[INFORMATION PROVIDED Boundary: Start]
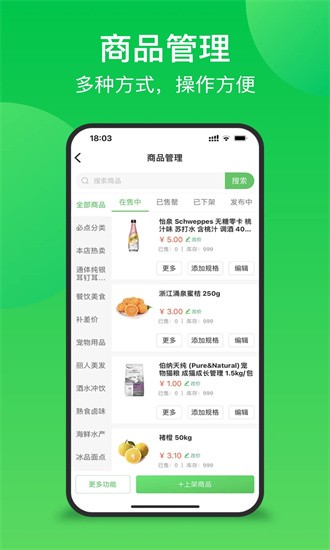 还可以进行商品管理,修改商品信息,进行上下架操作
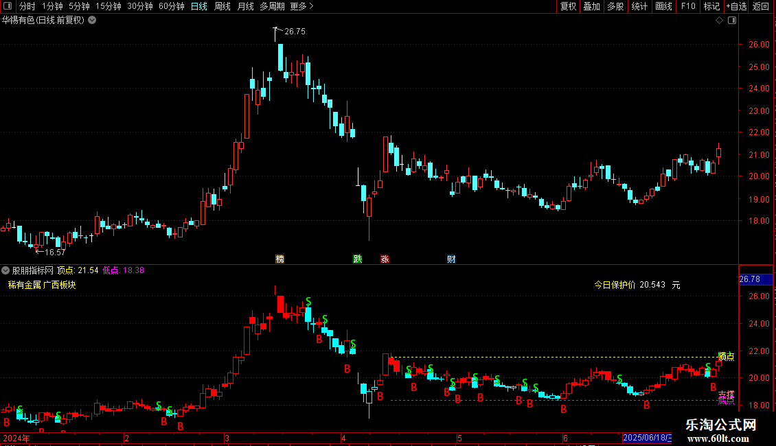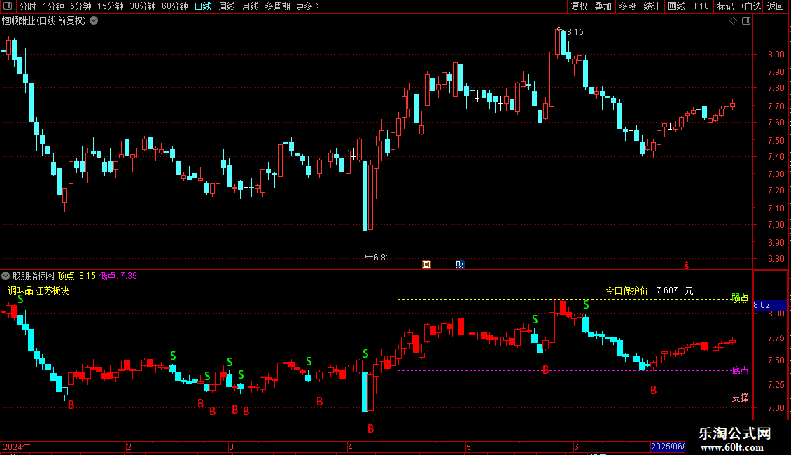 低点:IF(CURRBARSCOUNT<=60, CONST(IF(ISLASTBAR=1,LLV(L, BARSLAST(CURRBARSCOUNT=60)),1)),DRAWNULL),COLORMAGENTA,DOTLINE;
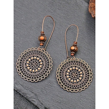 orecchini pendenti rotondi in lega e legno da donna, design vintage boho mandala, stile leggero e distintivo, perfetti per l'abbigliamento casual quotidiano, le vacanze al mare e gli outfit estivi
[INFORMATION PROVIDED Boundary: End]
**WHAT YOU NEED TO DO:** Transcribe the full listing exactly, but keep every image out of it.

**ANSWER TO THE PROBLEM:**
 还可以进行商品管理,修改商品信息,进行上下架操作
 低点:IF(CURRBARSCOUNT<=60, CONST(IF(ISLASTBAR=1,LLV(L, BARSLAST(CURRBARSCOUNT=60)),1)),DRAWNULL),COLORMAGENTA,DOTLINE;
 orecchini pendenti rotondi in lega e legno da donna, design vintage boho mandala, stile leggero e distintivo, perfetti per l'abbigliamento casual quotidiano, le vacanze al mare e gli outfit estivi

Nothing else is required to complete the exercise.